El escándalo estaba servido y, tal como cabía esperar, llegó a oídos de Juan Carlos I en su lejano exilio de Abu Dabi. De inmediato, el monarca se puso en contacto con el programa Espejo Público de Antena 3, presentado por Susana Griso, para negar su participación en cualquier trabajo, intermediación o cobro de comisiones: “Susana, desmiéntelo categóricamente. Me puso Piqué un whatsapp para verme, pues venía a Abu Dabi a presentar su Copa Davis, y le dije amablemente que no estaría aquí. Pero de lo otro nunca”.

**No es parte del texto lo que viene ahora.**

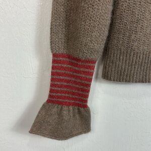 Chic taupe V-neck sweater with stylish red stripes cuff accents. Perfect for versatile wear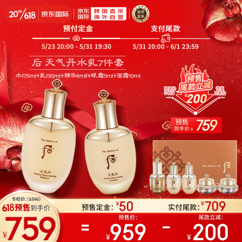 当前的位置: 首页 > 今日值得买 > 后(The history of Whoo)Whoo天气丹花献光彩紧颜水乳护肤品7件套盒套装333ml 专柜版 预售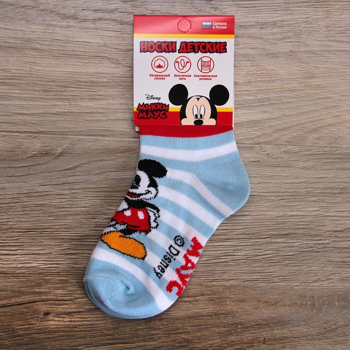 Носки детские "Микки Маус" полоска 18-20 см, 7-9 лет, 80% хл.,17% п/а, 3% эл.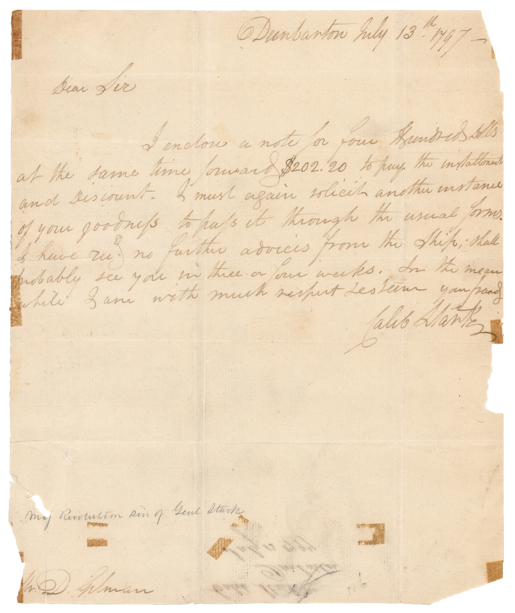 Eldest son (1759–1838) of General John Stark and his wife Molly Stark, who served with his father in the 1st New Hampshire Regiment at the Battle of Bunker Hill, Trenton, and Princeton. ALS, one page, 7.25 x 8.75, July 13, 1797. Handwritten letter to "Mr. D. Gilman," in part: "I enclose a note for four Hundred Dolls. at the same time forward $202.20 to pay the installment and discount. I must again solicit another instance of your goodness to pass through the usual forms. I have rec'd no further advices from the Ship; shall probably see you in three or four weeks." In very good condition, with scattered old tape stains, edge tears, and minor edge loss.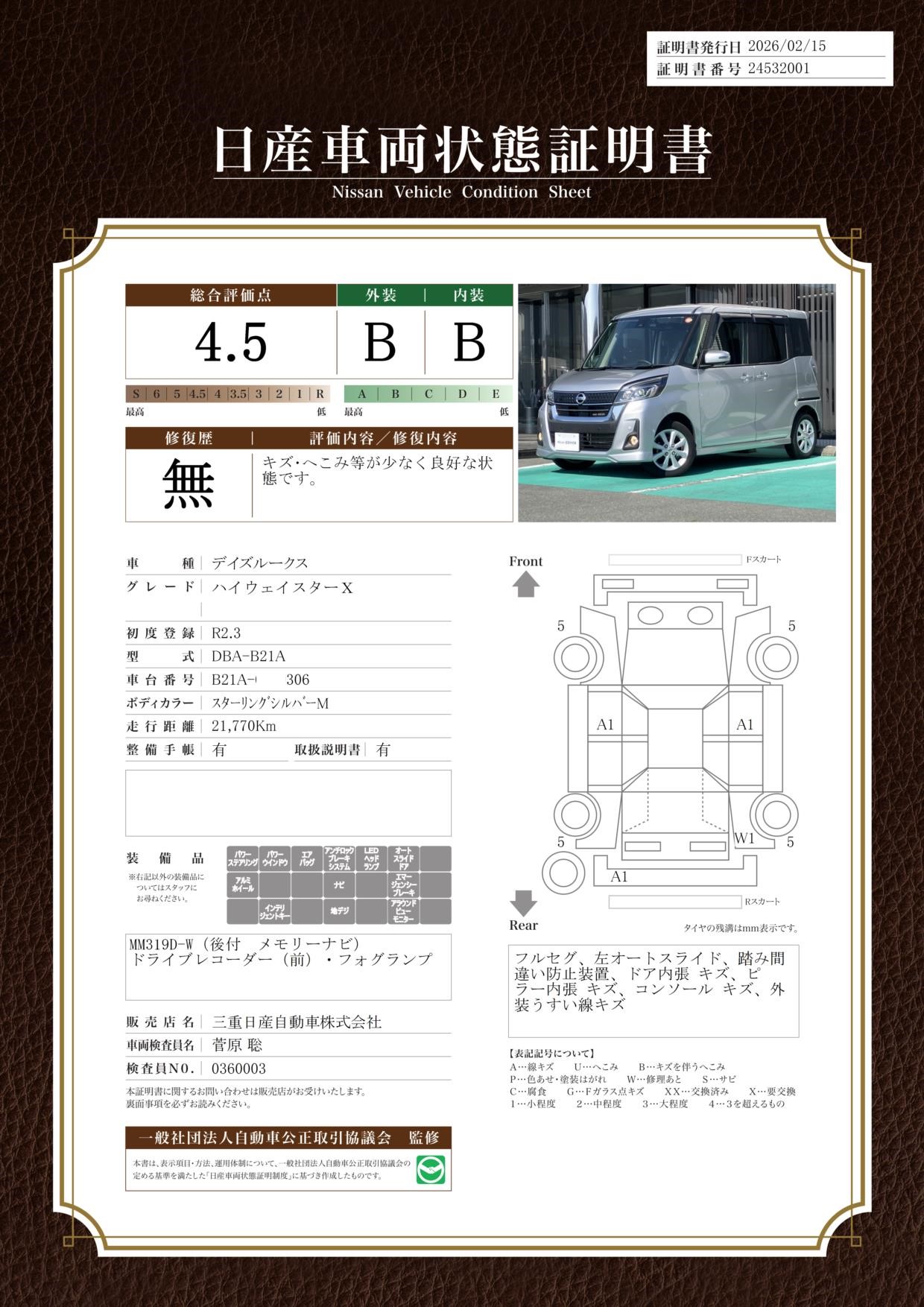 納車時に定期点検整備(費用は車両価格に含まれます。)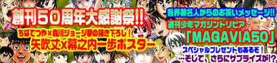 Kodansha's Weekly Shōnen Magazine will commemorate its 50th anniversary over the next five issues with the return of some of its most popular artists. Issue 16 (on sale on March 19) will have a poster featuring Ashita no Joe's title character Joe Yabuki and Hajime no Ippo's IPPO Makunouchi. Ikki Kajiwara and Tetsuya Chiba's Ashita no Joe is considered the pioneer of boxing manga, and George Morikawa's Hajime no Ippo is the most popular current boxing manga with 82 volumes so far and a hit television anime series. The issue will also have a "Magavia 50" feature on trivia about the magazine, with a review of the top models that appeared in the issues over the years.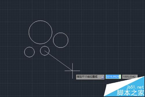 5、再來看看半徑標(biāo)注,下面是幾個半徑不同的圓,要一次進(jìn)行全部半徑標(biāo)注,也可以使用快速標(biāo)注。首先也是全選圓,然后點擊快速標(biāo)注,輸入r,回車,可以看見要求指定尺寸線的位置,任意指定一個位置,最后就可以看見所有的圓半徑都被標(biāo)注出來了。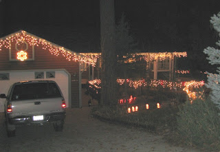 In the city we put up white icicle lights to emulate snow and added the twinkling fake deer on our front lawn to bring us that country feel. We always got an over priced, cut tree, from a lot or a cheap one in front of Wally World. Once I moved to the mountains I thought things would be different. We have lots of real snow, too many real deer and are surrounded by more trees than you can imagine. Guess what? They do more lights and fake deer up here than the city. Get this, the trees cost the same and this is where they cut them. I find that very surprising and funny. I have two perfect Christmas trees in my yard that are better than what we bought.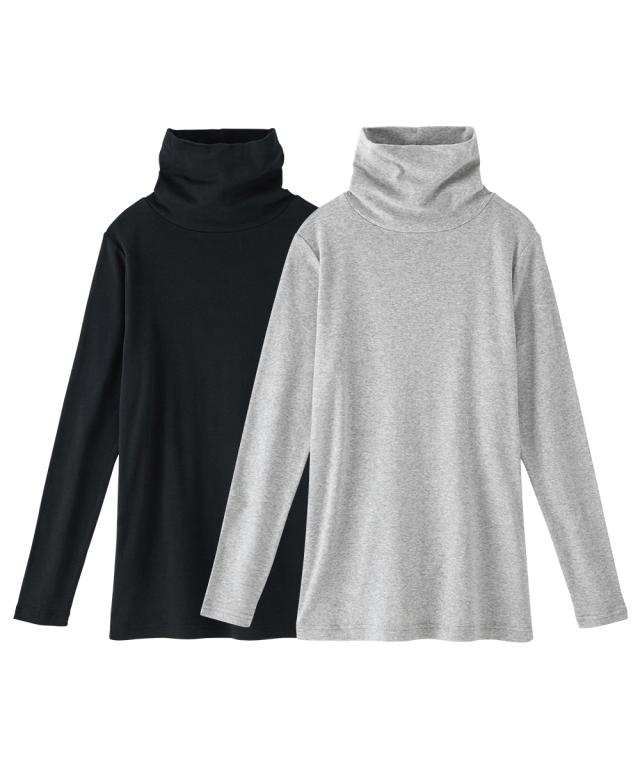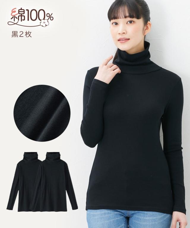 インナー 大きいサイズ レディース 綿100% タートルネック 長袖 2枚組 肌着 女性 8L/10L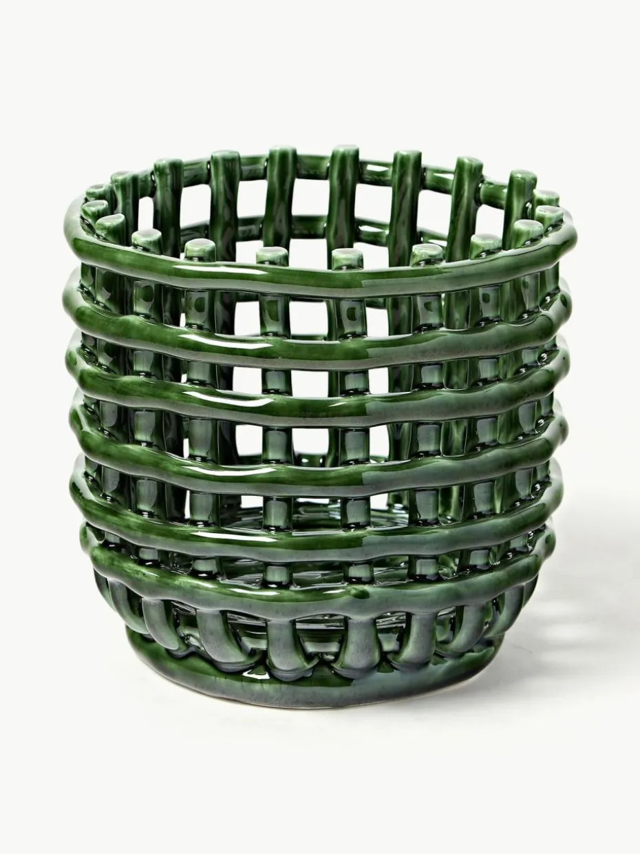 Handgefertigter Aufbewahrungskorb Nalan aus Keramik, H 15 cm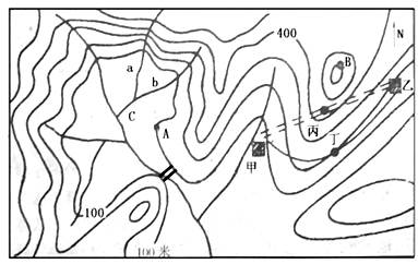 (1)c地区为?地形区,理由有?。 (2)A地气温为25℃,则B地的气温约为?℃。 (3)a、b两支流,水流较缓的是??,原因是??。 (4)在图中河流上拟建以水电站,请用“=”标出最佳坝址,理由? ??。 (5)计划在甲、乙两村之间修一条公路,经过?(丙处还是丁处)比较合理,原因是? ?。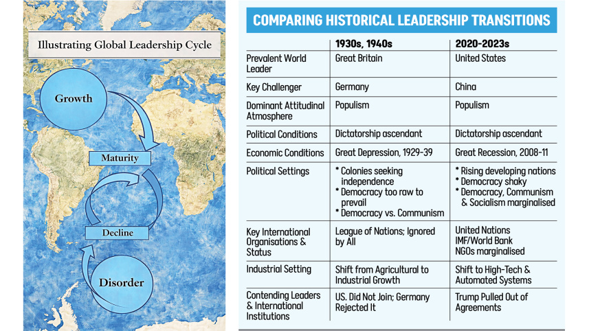 Britain’s leadership began after corn tariffs were lowered in 1846 to promote economic growth, while the US’ leadership began in 1934 to escape economic depression. In its growth phase, Britain launched the first and second industrial revolutions on RMGs and steel, respectively, replacing the East India Company to govern the colony of the British Empire. Correspondingly, the United States signed the Atlantic Charter in 1941 to replace the League of Nations with the United Nations, then constructed the IMF and World Bank in 1944. When World War II ended, the Marshall Plan revived developed countries from 1947 and NATO protected them from 1949. Economic competition was fundamental for Britain, but military strength was the ace card. Britain won the first and second world wars only because of US military intervention. US leadership salvaged Europe from the Soviet Union’s peril. Today Trump distances Europe, but previous US leadership needed it. They were the top free-riders of US economic and military resources, which Trump does not want.

El juancarlismo del 78 nos vendió el cuento de que esta democracia sería distinta, igualitaria, limpia de cortesanos y palaciegos. Sin embargo, la historia más negra de este país vuelve a repetirse una vez más y ahora vivimos la profunda decepción de que aquí siempre prosperan los mismos, los mal llamados comisionistas, un oficio bajo sospecha que promociona a grandes de España, instalados, familias bien colocadas de toda la vida. La misma nobleza corrupta parasitada con el sistema y la monarquía; los mismos señoritos del cortijo ahora reciclados en supuestos brókerespara dar el pelotazo a gran escala. Siguen estando ahí, las manos muertas, las clases ociosas que deambulan por los ministerios y ayuntamientos, los oportunistas que van a la caza del chollo del siglo. Una casta de alta cuna y baja estofa que se perpetúa de generación en generación, que tiene entrada libre en los grandes eventos nacionales y que se pasea por los despachos oficiales como Pedro por su casa. Conseguidores que alternan con los caciques en cotos privados de caza mientras disparan contra las cuatro liebres raquíticas que quedan. Arribistas con el carné del partido en los dientes que van cerrando negocios a destajo. Miembros de una estirpe de apellidos larguísimos como cansinas letanías. En eso consiste la esencia del comisionista: don de gentes, gente con don. Hoy venden un perfume en la televisión, mañana unos azulejos, una cuadra de caballos o unas mascarillas a precio de oro. Negocios diversificados para una ralea que no sabe hacer la o con un canuto y que nunca fue a la universidad. Y todo con el correspondiente jugoso porcentaje, sin dar golpe, solo tirando de una agenda milagrosa, de parientes influyentes y de amigos en las altas esferas. Nepotismo, enchufismo, amiguismo. Grandes males españoles que no hemos sabido o no hemos querido extirpar. Los comisionistas son los mismos de toda la vida (antes se les llamaba recomendados); los mismos que, cuando llegó la democracia, sacaron su dinero de España, a espuertas, por miedo a la Tercera República; los mismos del pañuelo en la solapa, la gomina en el pelo y el traje perfumado que siguen robando al patriótico grito de “viva España, viva el rey”. Comisionistas: seres agraciados por una feria jovial y secular para su goce exclusivo. Y mientras tanto, el pueblo hambriento mira, envidia y calla.